[Exercise input — start]
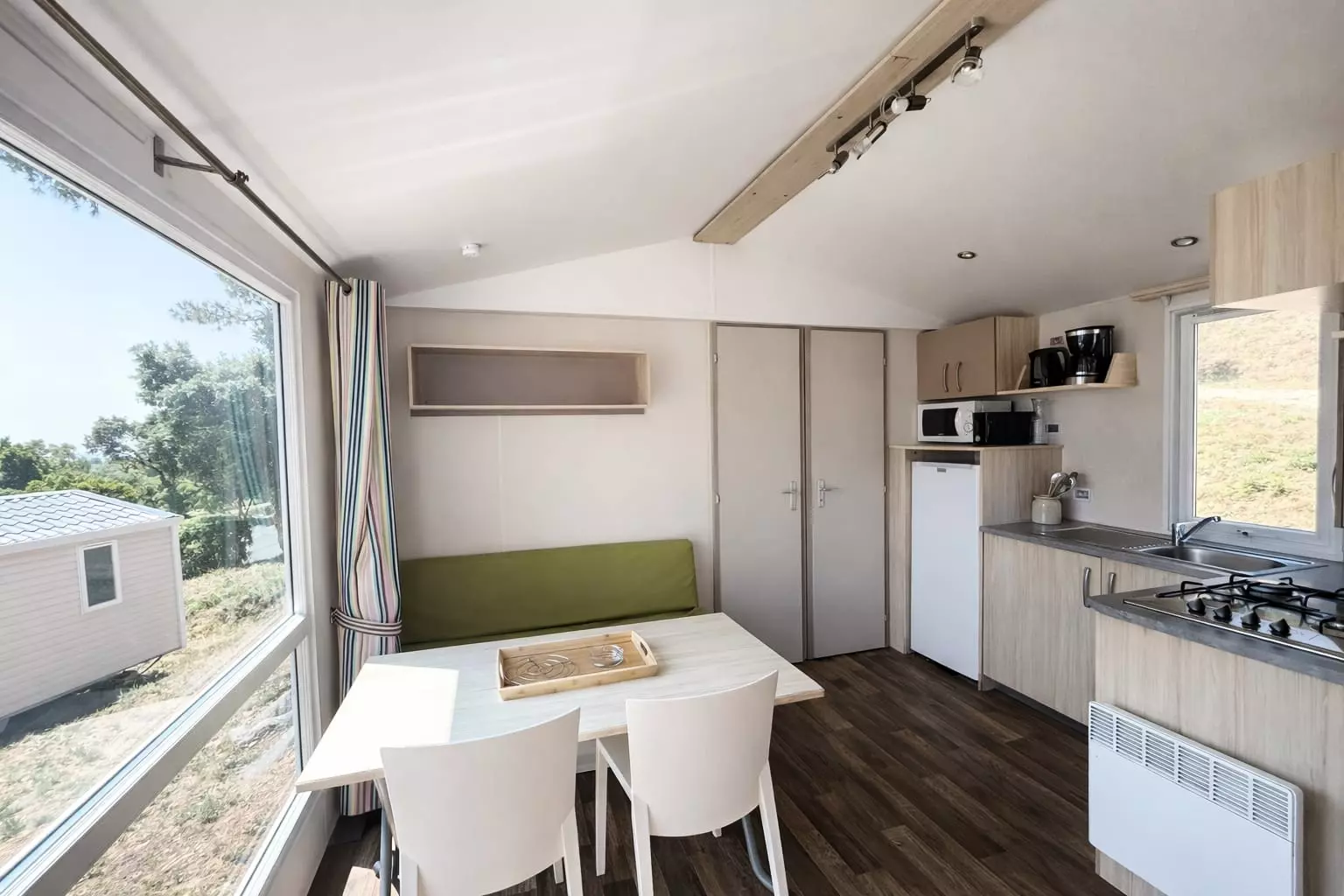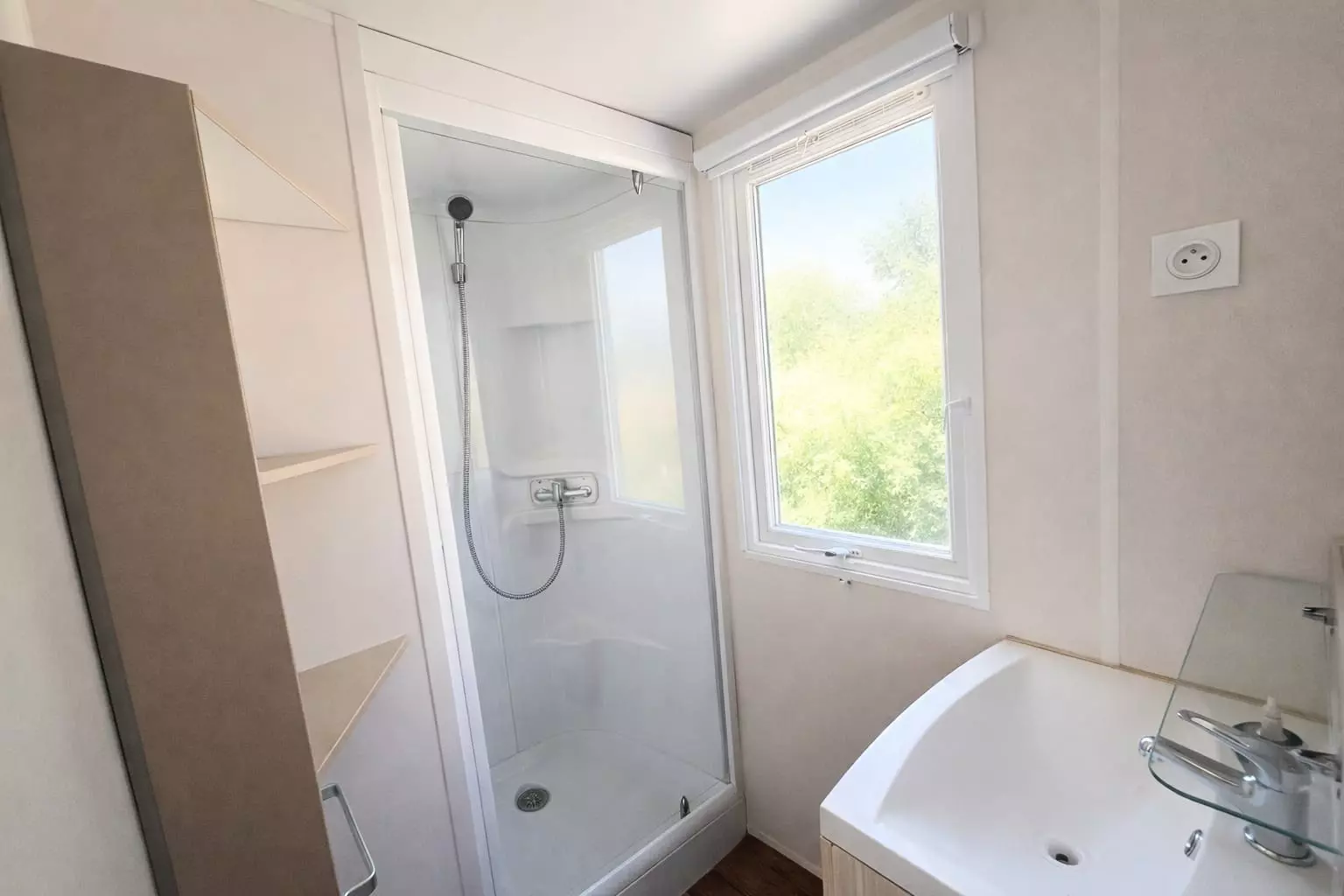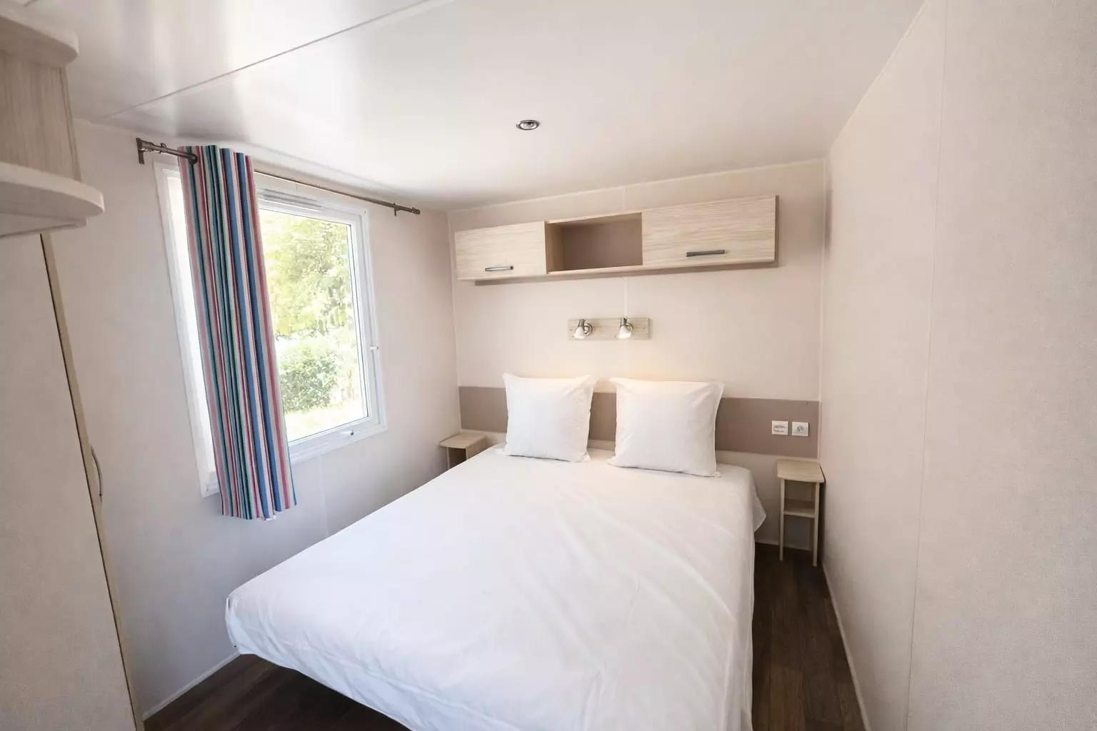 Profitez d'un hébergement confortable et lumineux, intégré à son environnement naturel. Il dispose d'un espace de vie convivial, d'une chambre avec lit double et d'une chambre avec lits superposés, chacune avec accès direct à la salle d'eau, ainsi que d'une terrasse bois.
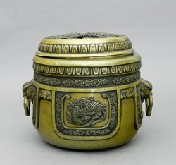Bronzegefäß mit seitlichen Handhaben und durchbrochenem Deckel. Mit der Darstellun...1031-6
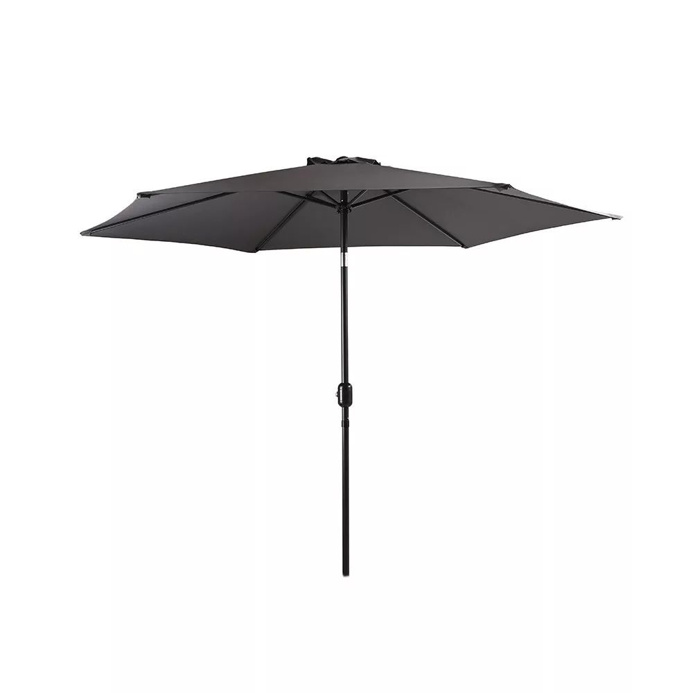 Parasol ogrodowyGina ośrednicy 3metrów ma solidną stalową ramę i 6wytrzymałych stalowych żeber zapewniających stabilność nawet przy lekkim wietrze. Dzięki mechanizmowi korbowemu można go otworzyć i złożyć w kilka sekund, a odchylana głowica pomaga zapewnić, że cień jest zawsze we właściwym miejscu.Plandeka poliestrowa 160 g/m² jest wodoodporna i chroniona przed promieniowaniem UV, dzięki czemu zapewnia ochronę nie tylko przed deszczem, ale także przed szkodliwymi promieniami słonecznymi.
[Exercise input — finish]
[Exercise input — start]
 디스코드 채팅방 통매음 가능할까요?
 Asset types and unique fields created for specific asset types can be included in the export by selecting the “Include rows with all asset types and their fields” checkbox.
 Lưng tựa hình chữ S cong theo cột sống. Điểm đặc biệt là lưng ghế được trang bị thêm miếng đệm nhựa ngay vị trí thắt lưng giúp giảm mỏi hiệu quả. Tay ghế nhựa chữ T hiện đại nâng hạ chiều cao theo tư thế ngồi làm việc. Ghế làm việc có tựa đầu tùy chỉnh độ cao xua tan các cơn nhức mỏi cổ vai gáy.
[Exercise input — finish]
[Exercise input — start]
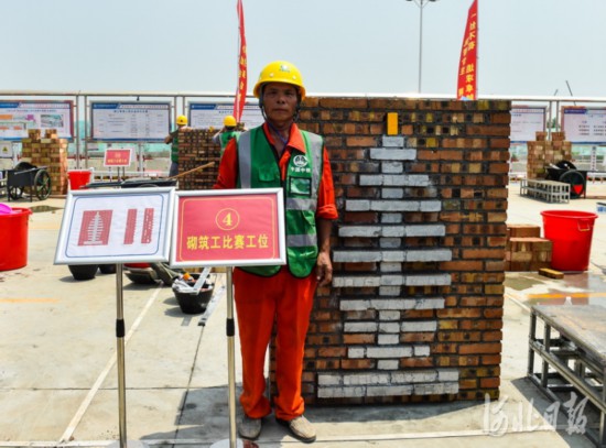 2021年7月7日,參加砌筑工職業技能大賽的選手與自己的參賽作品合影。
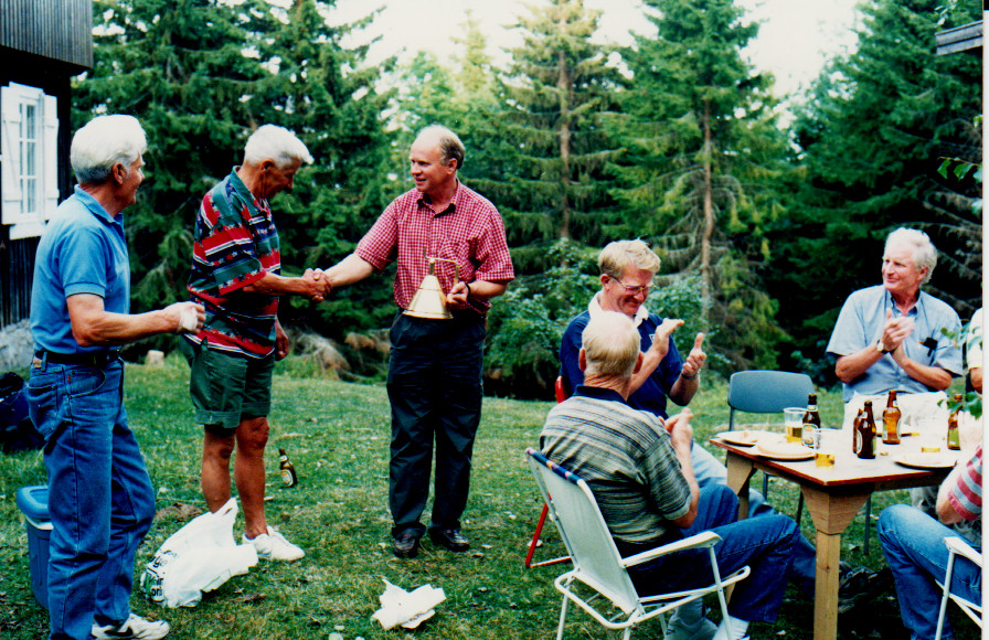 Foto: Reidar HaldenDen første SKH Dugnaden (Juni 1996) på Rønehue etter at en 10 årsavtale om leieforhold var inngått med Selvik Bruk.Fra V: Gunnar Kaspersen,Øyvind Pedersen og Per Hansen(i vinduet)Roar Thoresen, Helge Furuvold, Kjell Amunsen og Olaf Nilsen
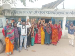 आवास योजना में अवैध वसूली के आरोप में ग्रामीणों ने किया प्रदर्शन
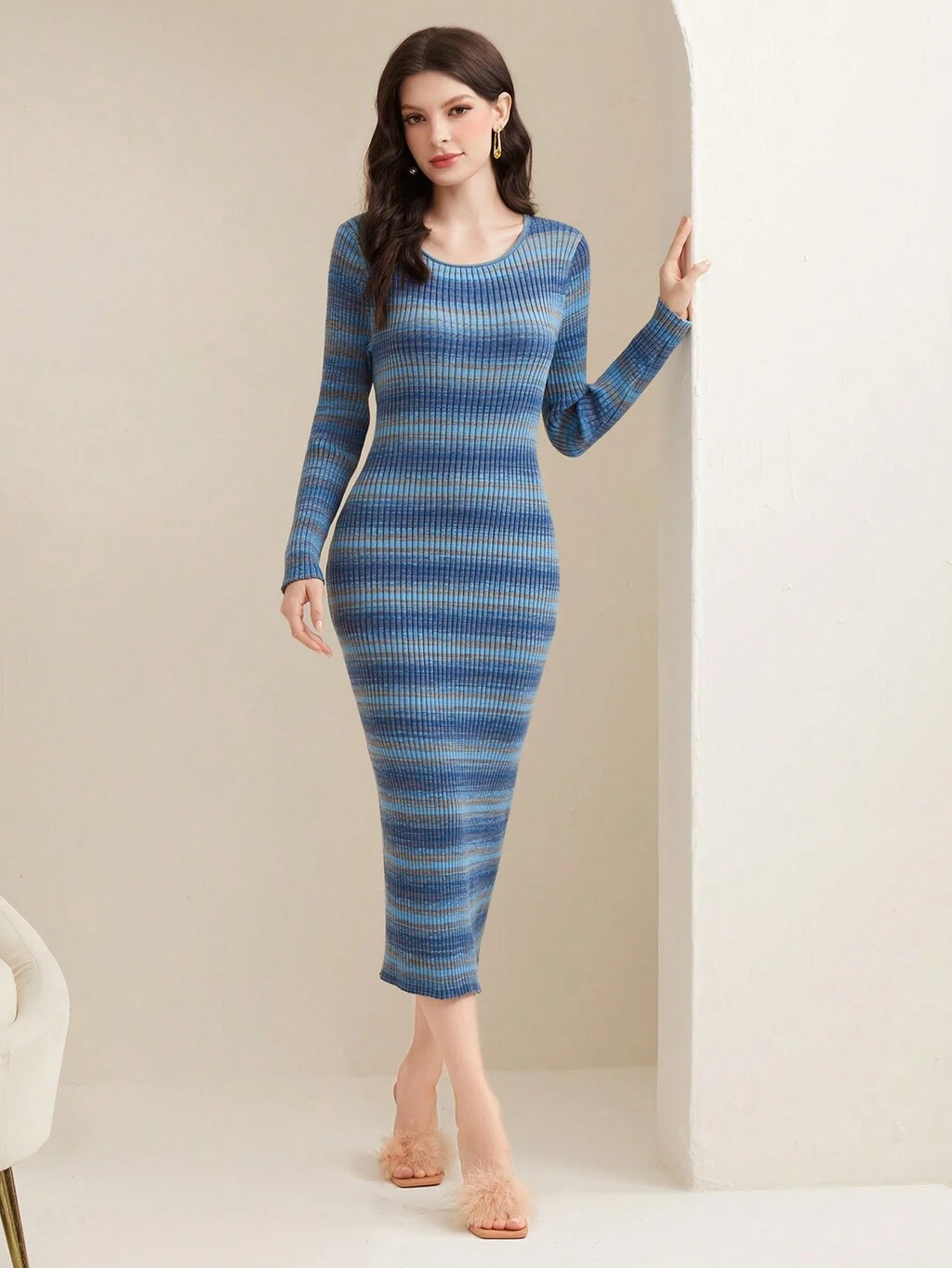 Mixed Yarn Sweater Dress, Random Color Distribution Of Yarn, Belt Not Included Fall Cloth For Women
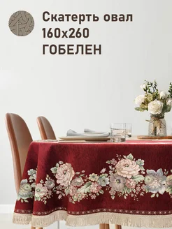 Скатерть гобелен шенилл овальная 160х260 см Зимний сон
[Exercise input — finish]
What you will do: Output only the lines above from the one containing "Bronzegefäß mit seitlichen" to the one containing "Parasol ogrodowyGina ośrednicy", both included, exactly as written and with no pictures.

Output of the exercise:
Bronzegefäß mit seitlichen Handhaben und durchbrochenem Deckel. Mit der Darstellun...1031-6
 Parasol ogrodowyGina ośrednicy 3metrów ma solidną stalową ramę i 6wytrzymałych stalowych żeber zapewniających stabilność nawet przy lekkim wietrze. Dzięki mechanizmowi korbowemu można go otworzyć i złożyć w kilka sekund, a odchylana głowica pomaga zapewnić, że cień jest zawsze we właściwym miejscu.Plandeka poliestrowa 160 g/m² jest wodoodporna i chroniona przed promieniowaniem UV, dzięki czemu zapewnia ochronę nie tylko przed deszczem, ale także przed szkodliwymi promieniami słonecznymi.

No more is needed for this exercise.